Boyd praises Pasternak Slater’s book as a “superb piece of work” and her writing as “limipid and elegant,” and he predicts it will become a “classic, enduring study.” He remarks on her “unrivalled knowledge” of all Waugh’s  work, which she calls on “to illuminate her trenchant scrutiny of the endlessly alluring novels.”

He parts company somewhat on the degree to which Pasternak Slater argues that Waugh’s reliance on his life provided:

…intricate, complex artistic patterns where I would see bolted-on “literary” themes. For me, A Handful of Dust is a sustained act of revenge against Waugh’s first wife, Evelyn Gardner, and her shocking desertion of him.

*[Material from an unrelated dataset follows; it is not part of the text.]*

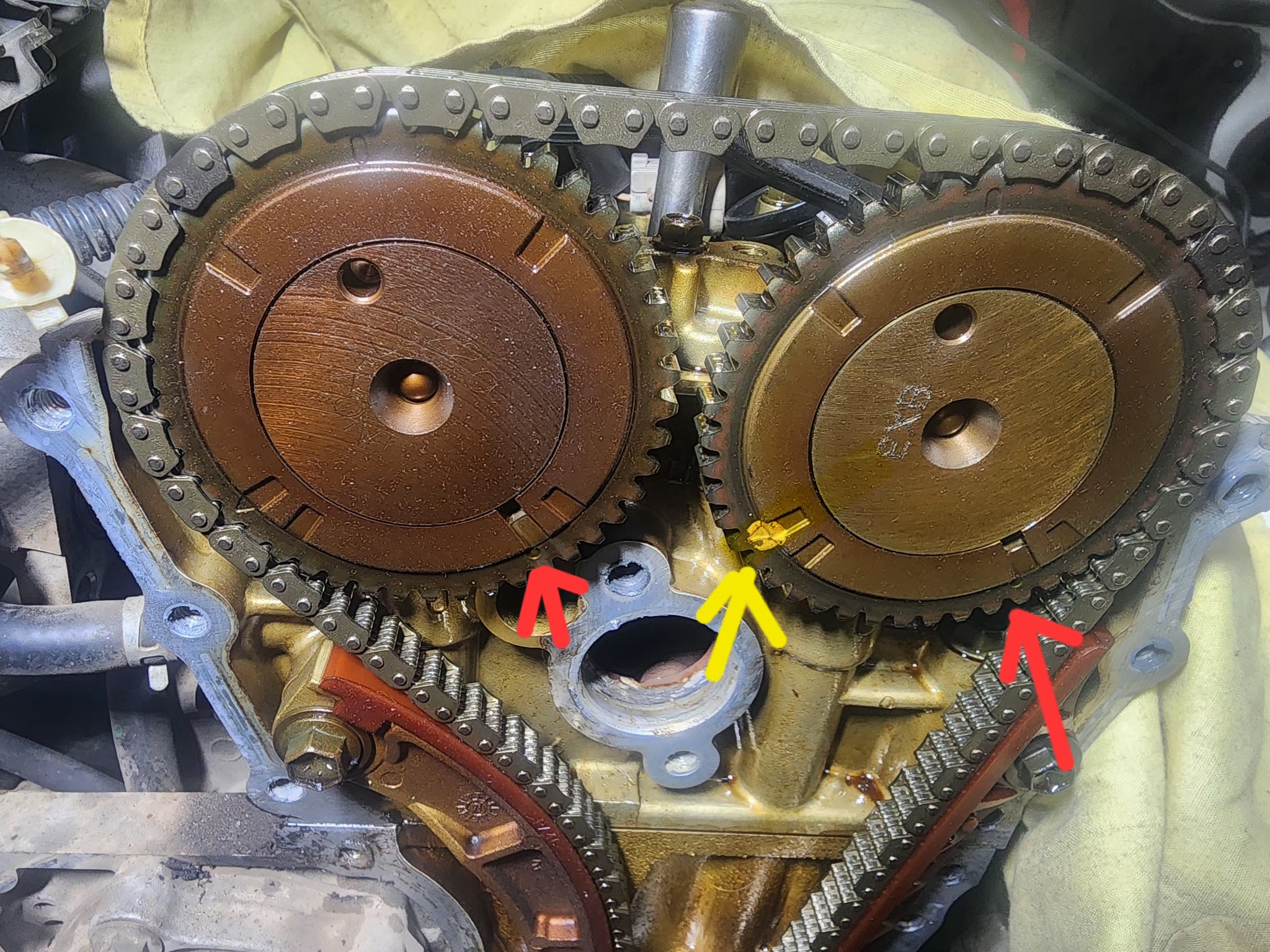 In the attached pic I believe on the compression stroke with crank drift upwards, the red arrows display dots on can sprockets, yellow highlight is painted arrow.

Even the pretentious title can’t disguise the fact. Brideshead Revisited is thinly veiled nostalgic autobiography – at its best – not “the operation of divine grace on a group of diverse but closely connected characters”, as Waugh himself intoned in the novel’s preface. The Sword of Honour trilogy is essentially Waugh’s war recounted, with all its absurdity, personal slights and bitterness, not some symbolic conflict between the values of Christendom and the atheistic impulses of Soviet Russia, and the shameful compromises of Britain’s wartime alliance with her.

Boyd is less impressed by Eade’s book. He sees little need for a new biography, citing those by Martin Stannard and Selina Hastings as the standards, as well as the shorter work by Michael Barber. Recognizing that Eade had access to new material such as Waugh’s letters to Teresa Jungman, Boyd is disappointed by the contents of those as disclosed by Eade:

… if the quoted extracts are any guide, this is no new Abelard and Heloise. Waugh is a great letter writer – witness his long correspondence with Nancy Mitford and Ann Rothermere – but these letters to Jungman seem standard adolescent lovelorn pleading. The sense of disappointment is acute…But Waugh is infinitely fascinating, and Eade’s new biography will doubtless add to that fascination. 

Boyd concludes his review by citing Pasternak Slater’s analysis which:

shrewdly points to two personal humiliations in Waugh’s life that tormented him and shaped him as a man (and a writer). The first was his betrayal by his first wife – and their subsequent divorce – and the second was the ignominious collapse of his career in the army during the second world war. From his young manhood he aspired to the aristocratic life and, when war began, he aspired to be an aristocratic warrior/soldier. In both instances he failed, and – as so often in English lives – the reason behind that failure, and the lifetime’s anguish that ensued, was to do with class. I suspect he was refused admission to these select clubs for many reasons – personality, demeanour, appearance, chippiness, too-clever-by-half; but whatever the reasons, he felt the rejections painfully and they effectively ruined his life.

Both books are currently available in the UK and can be ordered from amazon.co.uk, and both will be available later this year from US publishers.